It was a brave step to create a follow-up to the cartoonish Wind Waker, but Twilight Princess is easily the best 2D entry in the series. While it takes place in the familiar Hyrule (light world) and Lorule (dark world) from the cartoony Wind Waker, Twilight Princess is far from a carbon copy, and it turns a lot of Zelda’s linear conventions on their head in brilliant fashion. Set years before A Link to the Past, A Link to the Past takes a lot of its cues from the Zelda games that started the whole thing off.
Not only did The Original Legend of Zelda introduce the franchise’s most iconic characters — namely Link, Ganon, and, of course, Princess Zelda — but also a gaming philosophy that most Zelda games would follow through on with 2D. The Legend of Zelda franchise took a quantum leap forward in quality with its transition to the Super Nintendo in 1991, with players quickly hailed the SNES outing, A Link to the Past, as one of the greatest video games ever made. Over time, opinions of the SNES release have come around, and many years later, it is recognized as one of the best games that the Legend of Zelda franchise has ever produced.
Twilight Princess, a launch title for the Wii, became the most reviewed Zelda title of the time, surpassing The Wind Waker. Breath of the Wild, developed and published by Nintendo for Nintendo Switch and Wii U, on March 3, 2017, rapidly became the fastest-selling game in the Zelda series, selling more than 17.84 million copies worldwide. The first of the two Nintendo 64 games in The Legend of Zelda series, Ocarina of Time modernized the series formula, adding the time-travel mechanic and 3-dimensional puzzles to the well-known Zelda formula.
To this day, the original Legend of Zelda remains the best-rated game ever by Metacritic, and although traits like its sterile open world might not age quite so well, it is still a high-level, three-dimensional Zelda.
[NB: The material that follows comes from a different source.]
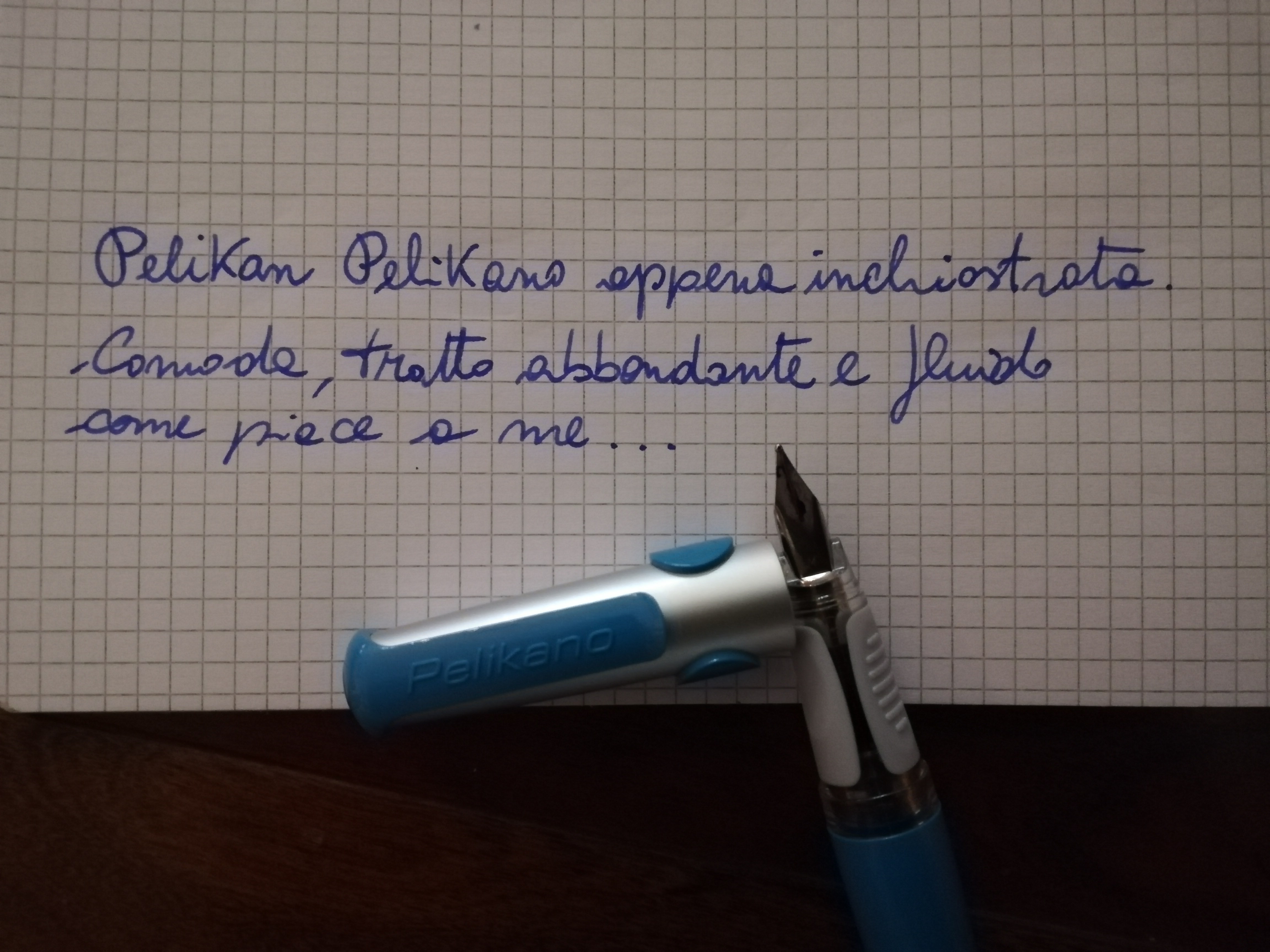Questa invece è la mia pelikan Pelikano....arrivata sabato e inchiostrata oggi. Ho letto tante critiche su di lei rispetto alle versioni vintage, ma devo dire che mi ha piacevolmente sorpreso...

Inspired by Twin Peaks, it was also the first game to deviate from the saving-link formula, offering up trippy jumbles of Nintendo tropes such as Marios piranha plants in the side-scrolling levels, and the reclusive simcity mayor being tasered by goats. Majoras Mask arrived in Japan just 18 months after The Ocarina of Time came out (it came out in 1998), and though it might have reused many assets from the N64 version, it is easily one of the weirdest, most experimental Zelda games.